Les phénomènes d’ischémie du pancréas sont vraisemblablement responsables de la transformation des formes peu sévères oedémateuses en pancréatites nécrosantes et/ou hémorragiques [50].
L’évolution des cellules acineuses une fois stimulée est imprévisible, l’enchaînement des événements pouvant aboutir dans tous les cas de figure d’une forme mineure localisée aux formes les plus graves avec extension de la nécrose à toute la glande et relargage systémique et péritonéal d’enzymes, de cytokines, de radicaux libres, de TNF (tumor necrosis factor)-á, avec un risque important d’évolution vers un syndrome de défaillance multiviscérale.

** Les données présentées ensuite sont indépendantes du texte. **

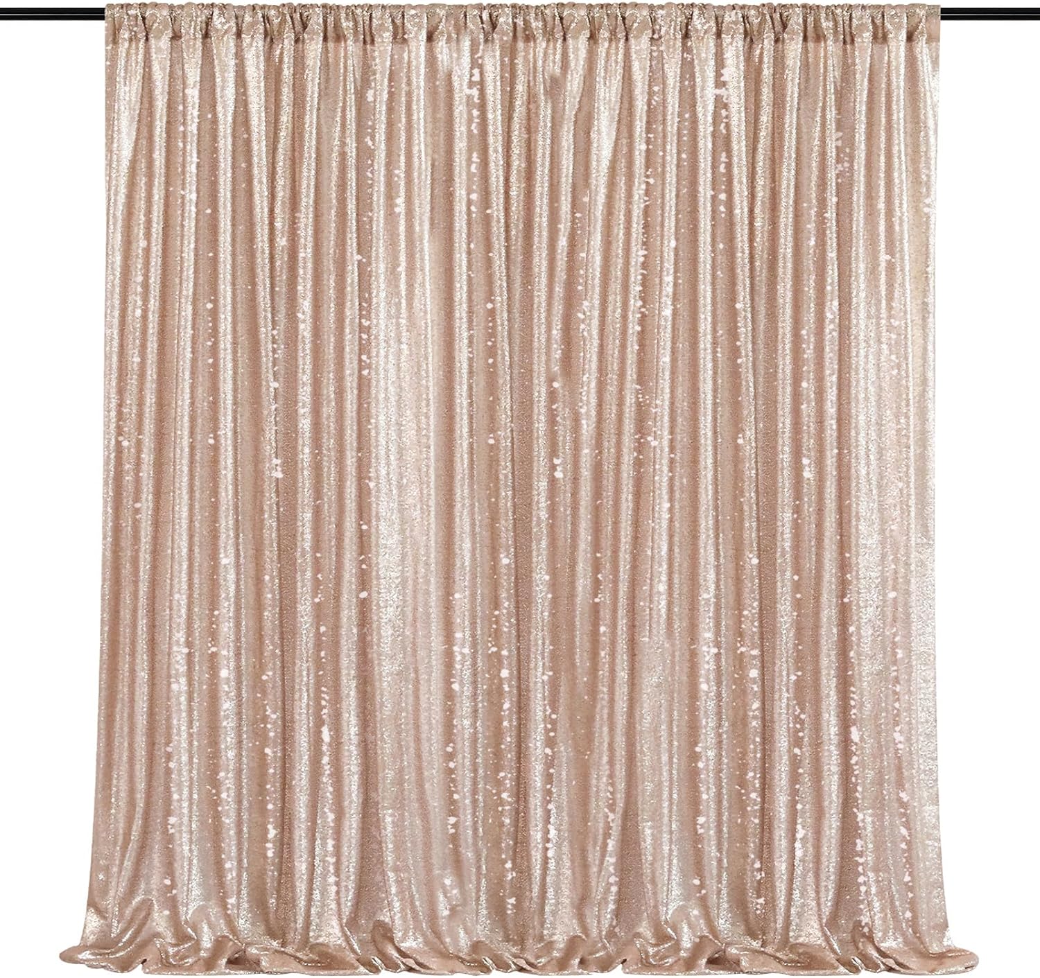 - Champagne Blush Backdrop Curtain: The total area covered by sequins backdrop is 7FT long x 7FT Width.With a 4-inch rod pocket on the top for easy hanging.
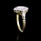 An outer surround of rose cut diamonds adds further sparkle, all grain set within millegrained platinum edges, with an openwork gallery and diamond set foliate shoulders.

Les données les plus récentes, si elles sont confirmées, montrent que la survenue d’une PAN pourrait être liée aux dépassements des mécanismes de défense mis en place par le pancréas après un stress [30, 46]. Il semble que les PAP (pancreatitis associated proteins) sécrétées par le pancréas au décours d’une agression aient un rôle majeur dans ces mécanismes d’autodéfense du pancréas [30].
De très nombreux travaux expérimentaux et des essais chez l’homme ont proposé l’utilisation d’inhibiteurs de la trypsine [19, 21, 94], d’anti-TNF-á [24, 42], d’interleukine (IL) 10 [103], d’antagonistes de l’IL1 [68], de différents agents immunosuppresseurs (blocage de la sécrétion d’IL8 et de la cascade des cytokines) [1, 33] ou de lexipafant (cytokine inhibant le PAF [platelet activating factor]) [49, 62, 84]. Les résultats de ces travaux, même s’ils semblent avoir fait progresser les connaissances dans le domaine des phénomènes physiopathologiques de la PA, sont souvent contradictoires. Leurs analyses ne permettent pas, le plus souvent, de tirer des « conclusions définitives », soit en raison de problèmes méthodologiques, soit parce que, dans les essais chez l’homme, ces molécules, administrées trop tardivement dans l’évolution de la pancréatite, ne peuvent plus empêcher la survenue de la cascade d’événements et participer aux mécanismes d’autodéfense du pancréas.
De nombreuses années d’intoxication éthylique sont nécessaires avant l’apparition d’une PA [91, 93] qui, le plus souvent, survient sur des lésions de pancréatites chroniques [91]. Cependant, d’autres facteurs (hypertriglycéridémie ?) interviennent probablement, étant donné que seuls 5 % des éthyliques chroniques vont développer une PA [91]. Quant aux mécanismes de la pancréatite biliaire, ils restent inconnus et toujours débattus [93] depuis la théorie proposée par Opie en 1901 [69] qui repose sur un mécanisme de reflux biliaire dans le canal de Wirsung par obstruction de l’ampoule de Vater.